SIDON, Lebanon: Church bells rang across the southern coastal city of Sidon Tuesday morning as people gathered for Christmas Mass and heard sermons underscoring the importance of restoring faith between the state and the people.
In Sidon’s Church of St. Nicolas, Archbishop Elie Haddad, pastor of Sidon and Deir al-Qamar’s Roman Catholic Melkite Church, deplored that so many people in Lebanon are in need of basic goods and services such as water, electricity, bread, heating and education, warning that the situation was only getting worse.

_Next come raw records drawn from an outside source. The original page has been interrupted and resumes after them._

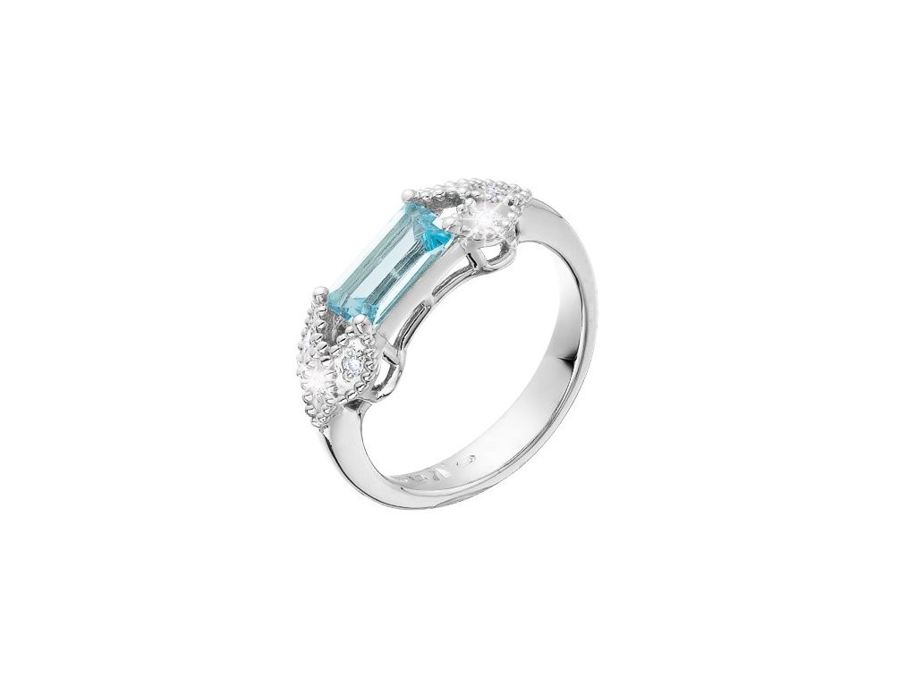 Prsten z bílého 14karátového zlata zdobí přírodní topaz Swiss, který okouzlí svou modrou barvou a průhledností. Drahokam je precizně zasazen do elegantní korunky, kterou zdobí přírodní čiré diamanty, které dávají celému prstenu kouzelný třpyt.
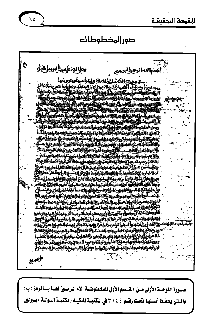 صورة اللوحة الأولى منا القسم الأول للمخطوطة الأم المرموز لها بالرمز (ب)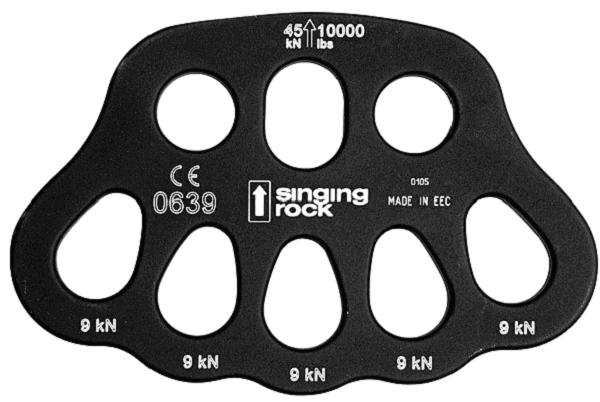 Ventajas : Placa multianclajes Rigging plate.Ayuda a organizar los mosquetones en los puntos de reunión.Eficaz dirección de la fuerza en diferentes direcciónes de la carga. Los agujeros redondos ( 7 mm. ) permiten sujetar las cuerdas directamente en la placa en cualquier agujero. Grosor 5 mm. 45kN. Aleación ligera negro mate. Peso 72 g.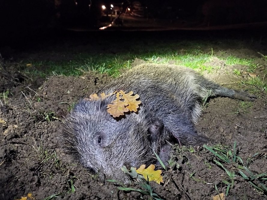 Půl hodinu před půlnocí se proti svahu ozývá slabé plesknutí. Slabší než jsem zvyklý. Žádné zvuky odpovídající zásahu, jen šustění tlupy velmi pomalu zatahující do lesa. Všechny odcházející kusy vypadají víc překvapeně, než zasaženě a už se jistě těší na jablka z nedalekých sadů. Baterkou projíždím drny přede mnou. Nikde nic ležet nevidím. "Na tuhle vzdálenost, jako vážně?" Podepíraný pirštokem vstupuji na gumový pás a popocházím výš. Zde naštěstí z jedné z vyrytých děr trčí a v odkazování se škubou zadní běhy. Zapínám na mobilu video kvůli dokumentaci a po pár metrech již postávám nad zhaslou 15 ti kilovou bachyňkou. Kolem ní se to v čerstvě naryté hlíně hemží žížalami. Tak s tímhle se fakt bojovat nedá, tedy dokud nezamrzne. Pokud je ta bachyně rozumná a při téhle velikosti bych ji to i přál, dá teď tomuto místu chvíli pokoj. Na úlomcích z přilehlého doubku už moc listí není, přesto mě doprovodí při posledním rozloučení. Zpáteční cestou zvědavý časovač znovu nasvítí celé dějiště, ale jen hnědo-rudá šmouha na gumovém běhounu a deset ušáků shromážděných pod nástupištěm vleku, vypovídají příběh, který se zde odehrál.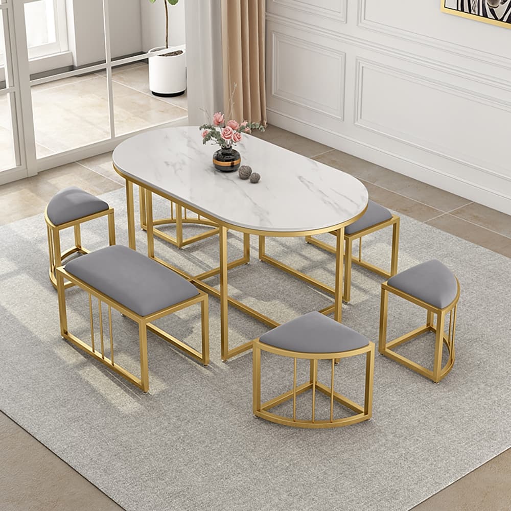 Enhance your dining room with this elegant dining table suitable for both fancy dinners and casual breakfasts. The sleek oval shape offers plenty of room for gatherings. The Sintered Stone top is smooth for easy cleaning and resists scratches, heat, and fading to maintain its beauty over time. With a top made from quality Sintered Stone and sturdy metal legs, this table with stools provides durability and elegance. * Finish: Gold * Color: White * Small Stool Dimensions: 15.7"L x 15.2"W x 15.2"H * Large Stool Dimensions: 26.6"L x 14.6"W x 17.7"H * Assembly Required: Yes * Care: Clean with a damp cloth, then wipe dry.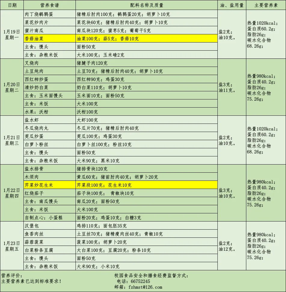 各位家长:为了让您全面了解学生在校的用餐情况,我校学生“营养食谱”特通过官方微信提前发布。学校每周“营养带量食谱”确保膳食安全、营养、均衡、充足,满足孩子健康成长需要,敬请家长关注。食谱所公示菜品原则上不做改动,若因市场原料或其他不可预见因素变化,将会根据实际情况做出最优调整,敬请谅解。标注黄色部分为“三减”菜品,祝大家用餐愉快!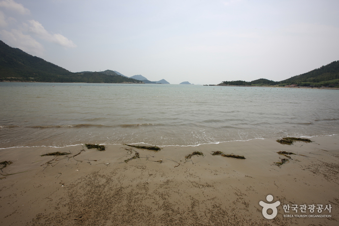 다도해 해상국립공원지역으로 산과 섬들에 둘러싸여 아늑하기 그지없고, 다도해 주변의 아름다운 풍경을 감상하고 여행의 즐거움과 의미를 느낄 수 있다. 산과 바다, 바위, 수풀, 모래사장이 어우러져서 신비하고 아름다운 쳔혜의 환경이 조성되어 있는데, 그 형상이나 이미지가 하나의 ‘하트모양’이라고 해서 붙여진 이름이다. 해변의 모양도 아름답지만 코발트 블루의 바닷물 빛도 환상적이다.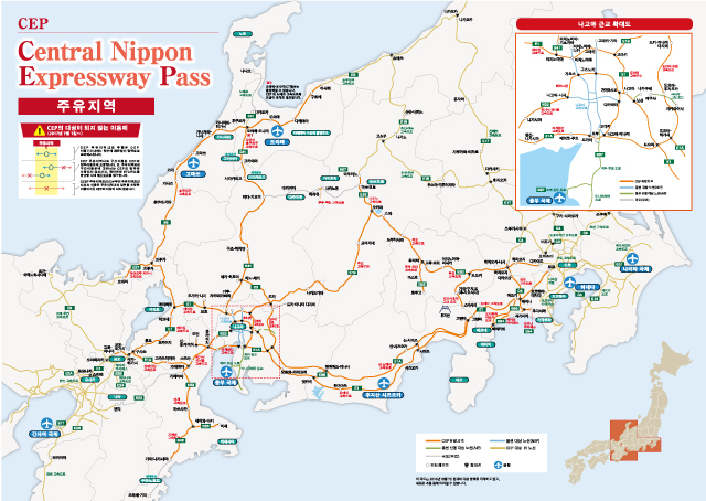 일본 중부지역의 고속도로에서 CEP를 이용하여 마음껏 일본 중부지역의 고속도로를 이용해 보세요.

“We have begged for a president and now we are begging for a government and for jobs,” he said, referring to the protracted presidential vacuum that ended with Michel Aoun’s election in 2016, and now the Cabinet formation deadlock that has persisted since May. “We’ve been eaten alive by corruption,” Haddad said.

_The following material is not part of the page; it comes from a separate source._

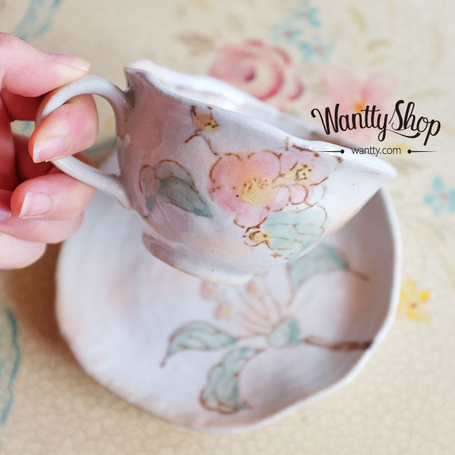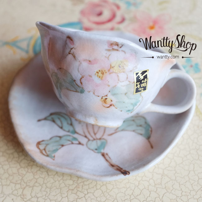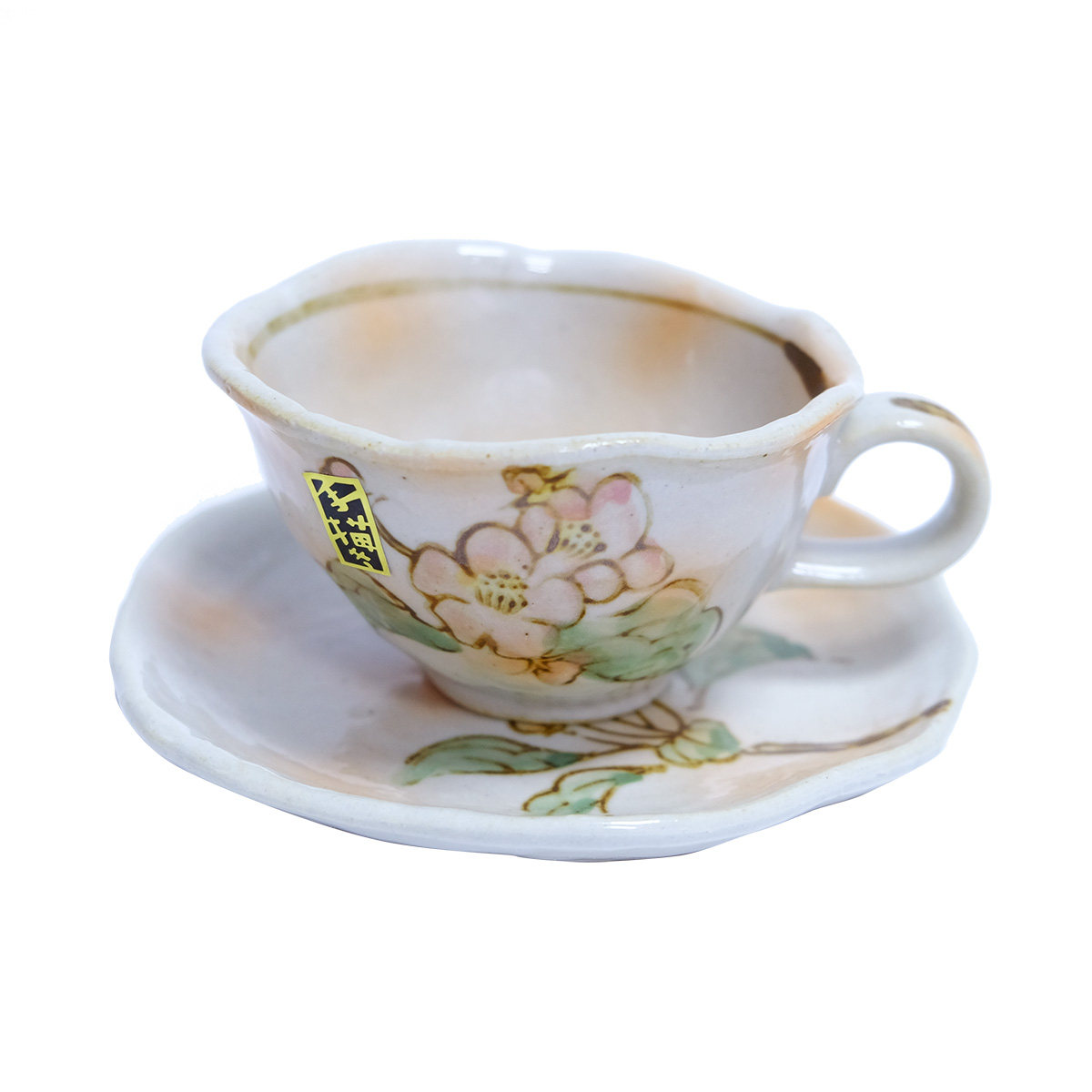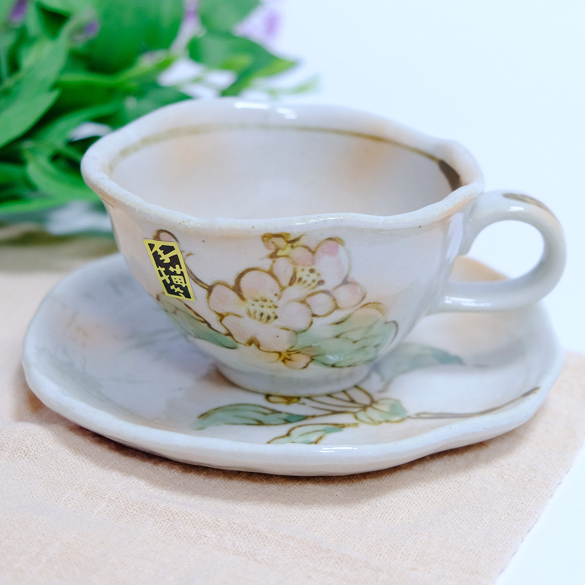 Spot Japanese Mino burning hand-painted retro cherry blossom pattern underglaze color coarse ceramic afternoon black tea coffee cup and saucer set

In the city’s St. Elias Church, Bishop Maroun al-Ammar prayed for politicians and officials to cooperate with one another and to lead the country into prosperity.
“We ask the politicians to help the people so we can get over these difficult days,” Ammar said.
A government formation announcement was expected to come over the weekend as a “Christmas gift” to the Lebanese people, top politicians had said. However, the formation process was held up yet again, entering it eighth month of gridlock amid a last-minute hitch over the representation of six pro-Hezbollah Sunni MPs, as well as the reshuffling of ministerial portfolios.